Hand Coded Assembly Beats Intrinsics in Speed and Simplicity

pandaman · on Oct 25, 2014

I wonder if it's already the time to put to rest the myth that the human-coded assembly for a modern CPU is slower than what a compiler generates?

As far as I know it's been semi-true around Pentium time. On that asymetrical dual pipeline architecture with many parring exceptions and some microcoded instructions in the mix the typical hand-optimized code for the previous generation CPUs would likely under-utilize the second pipe and hit some microcode for a good measure. However, even the Pentium Pro already had a very robust front end that did not require non-intuitive op rearrangement to utilize multiple exec units.

Saying that you cannot hand code better than the compiler for a non-Pentium CPU nowadays sounds similar to saying that if you use too many set bits in your data then the punch cards will warp and tear apart from too many holes.

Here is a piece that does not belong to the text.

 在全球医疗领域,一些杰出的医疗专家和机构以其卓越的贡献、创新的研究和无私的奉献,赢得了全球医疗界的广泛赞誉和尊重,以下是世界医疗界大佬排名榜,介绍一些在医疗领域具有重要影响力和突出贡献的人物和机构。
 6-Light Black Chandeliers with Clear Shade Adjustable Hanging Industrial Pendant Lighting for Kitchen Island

userbinator · on Oct 26, 2014

Speaking from experience, this myth was never true from 8086 up through the 486; the Pentium (P5) might've been slightly harder to optimise for, but a human could still easily beat the compilers of the time. And of course, it is not true today either.

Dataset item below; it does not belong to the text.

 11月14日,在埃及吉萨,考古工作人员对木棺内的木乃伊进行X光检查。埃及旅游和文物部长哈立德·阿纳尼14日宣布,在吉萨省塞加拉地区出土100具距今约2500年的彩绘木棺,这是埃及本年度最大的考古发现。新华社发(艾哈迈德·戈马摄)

Around the time of the P6 (Pentium Pro/II/III) was when I think things really improved - out-of-order execution/speculation/wide decoders meant instruction ordering had little significance, and so getting more performance was more about reducing the number of instructions needed - something compilers tended to not do well at.

I believe the myth came from the early days of the RISC fad, where CPUs were designed specifically so that compilers could easily generate code for them and make human-coded Asm "obsolete"; although to me this appears to be more of a "take all the advantage away from humans, making it just as hard for them to optimise the code as the compiler"... I have only a little experience with writing Asm for MIPS and ARM, but even from that I can see they do not have anywhere near the sort of "room for optimisation" that x86 provides.

Another myth that probably needs to die now is "microcoded instructions are slow"; in a recent article on HN about using the old BCD instructions which were commonly thought to be much slower than an equivalent sequence of simpler instructions (https://news.ycombinator.com/item?id=8477254 ), I did a quick benchmark and found they were basically the same speed, but much shorter. The one caveat is that currently these complex instructions can only be decoded by one of the decoders, so having too many of them close together can slow things down if the other decoders can't find a simpler non-dependent instruction to decode; but using them sparingly could be good for making code smaller (and thus consume less cache) without any speed penalty, or possibly increase speed overall due to reduced cache misses.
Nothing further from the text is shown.